● MATERIAL PROVIDED:

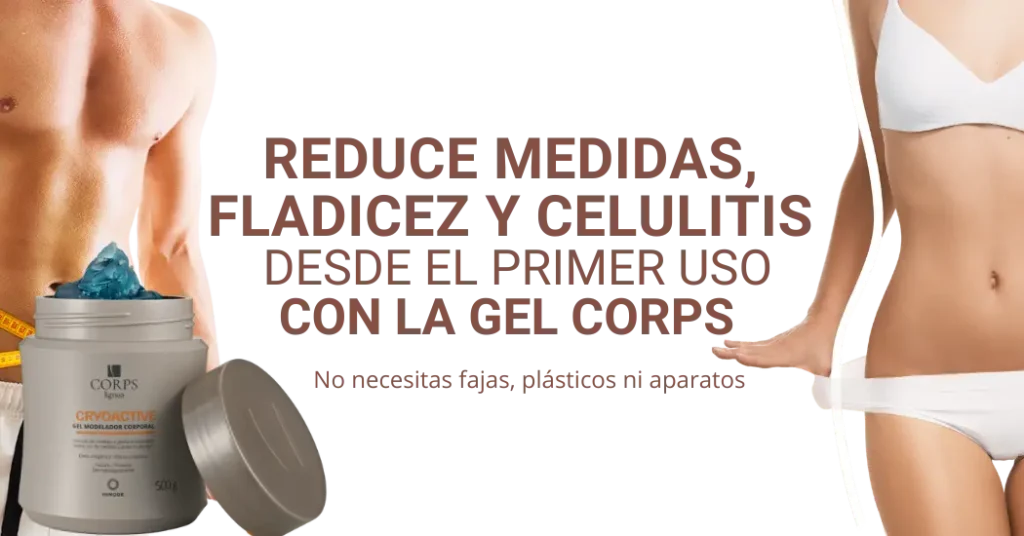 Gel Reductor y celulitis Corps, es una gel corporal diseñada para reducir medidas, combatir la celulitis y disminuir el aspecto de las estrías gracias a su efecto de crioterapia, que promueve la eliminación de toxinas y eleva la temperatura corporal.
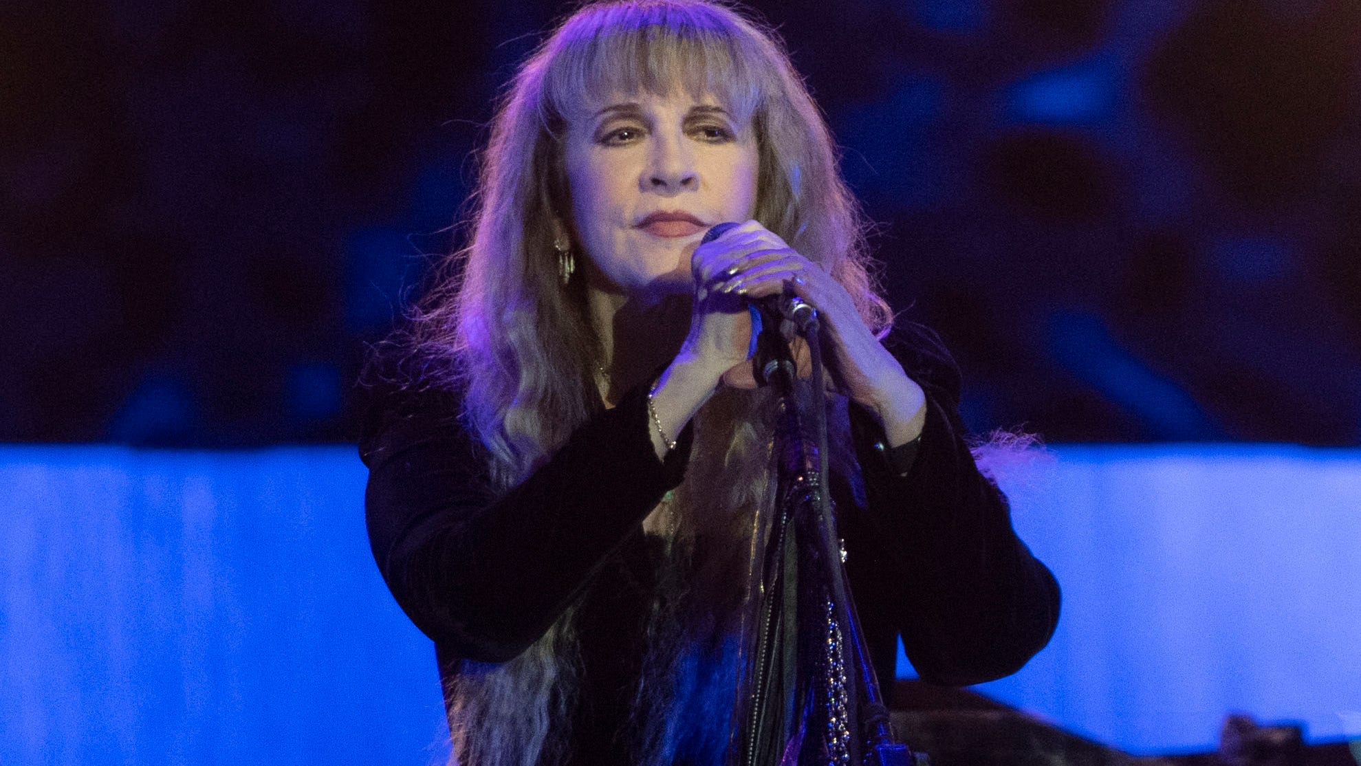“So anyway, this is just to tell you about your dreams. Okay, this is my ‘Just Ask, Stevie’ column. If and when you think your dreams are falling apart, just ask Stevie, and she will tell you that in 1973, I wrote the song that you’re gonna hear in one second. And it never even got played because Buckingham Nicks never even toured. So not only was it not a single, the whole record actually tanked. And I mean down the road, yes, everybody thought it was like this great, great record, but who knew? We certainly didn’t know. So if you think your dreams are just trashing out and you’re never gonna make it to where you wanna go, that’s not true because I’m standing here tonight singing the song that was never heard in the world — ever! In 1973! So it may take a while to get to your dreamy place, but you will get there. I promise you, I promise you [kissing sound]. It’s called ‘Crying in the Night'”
...
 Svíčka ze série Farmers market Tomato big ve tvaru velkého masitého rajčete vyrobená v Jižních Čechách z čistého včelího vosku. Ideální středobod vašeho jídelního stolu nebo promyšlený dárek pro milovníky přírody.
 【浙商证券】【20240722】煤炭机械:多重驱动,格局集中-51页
* * *
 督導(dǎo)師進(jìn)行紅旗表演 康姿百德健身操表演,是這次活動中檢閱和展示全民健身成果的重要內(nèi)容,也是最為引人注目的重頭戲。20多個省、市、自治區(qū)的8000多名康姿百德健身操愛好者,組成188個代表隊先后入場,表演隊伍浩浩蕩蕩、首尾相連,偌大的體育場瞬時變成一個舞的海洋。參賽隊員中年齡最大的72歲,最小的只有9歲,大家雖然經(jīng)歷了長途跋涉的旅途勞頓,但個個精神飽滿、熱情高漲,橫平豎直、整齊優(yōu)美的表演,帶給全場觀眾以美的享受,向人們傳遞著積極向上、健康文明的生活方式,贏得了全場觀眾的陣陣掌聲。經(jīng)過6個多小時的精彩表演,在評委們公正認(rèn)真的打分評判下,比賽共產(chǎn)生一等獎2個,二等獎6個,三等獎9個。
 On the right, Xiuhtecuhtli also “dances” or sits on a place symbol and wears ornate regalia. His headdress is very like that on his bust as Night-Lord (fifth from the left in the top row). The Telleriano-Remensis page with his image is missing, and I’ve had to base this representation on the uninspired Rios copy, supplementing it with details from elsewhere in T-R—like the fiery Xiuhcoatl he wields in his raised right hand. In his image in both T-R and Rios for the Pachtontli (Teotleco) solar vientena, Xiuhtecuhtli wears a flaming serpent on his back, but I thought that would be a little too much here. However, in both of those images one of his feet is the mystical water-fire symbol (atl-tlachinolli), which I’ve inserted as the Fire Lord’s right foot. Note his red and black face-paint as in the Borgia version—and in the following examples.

● AIM OF THE TASK:
In the listing above, find the line containing "Gel Reductor y" and the line containing "anyway, this is". Print those two lines and every line between them exactly, with no pictures.

● TASK OUTPUT:
 Gel Reductor y celulitis Corps, es una gel corporal diseñada para reducir medidas, combatir la celulitis y disminuir el aspecto de las estrías gracias a su efecto de crioterapia, que promueve la eliminación de toxinas y eleva la temperatura corporal.
“So anyway, this is just to tell you about your dreams. Okay, this is my ‘Just Ask, Stevie’ column. If and when you think your dreams are falling apart, just ask Stevie, and she will tell you that in 1973, I wrote the song that you’re gonna hear in one second. And it never even got played because Buckingham Nicks never even toured. So not only was it not a single, the whole record actually tanked. And I mean down the road, yes, everybody thought it was like this great, great record, but who knew? We certainly didn’t know. So if you think your dreams are just trashing out and you’re never gonna make it to where you wanna go, that’s not true because I’m standing here tonight singing the song that was never heard in the world — ever! In 1973! So it may take a while to get to your dreamy place, but you will get there. I promise you, I promise you [kissing sound]. It’s called ‘Crying in the Night'”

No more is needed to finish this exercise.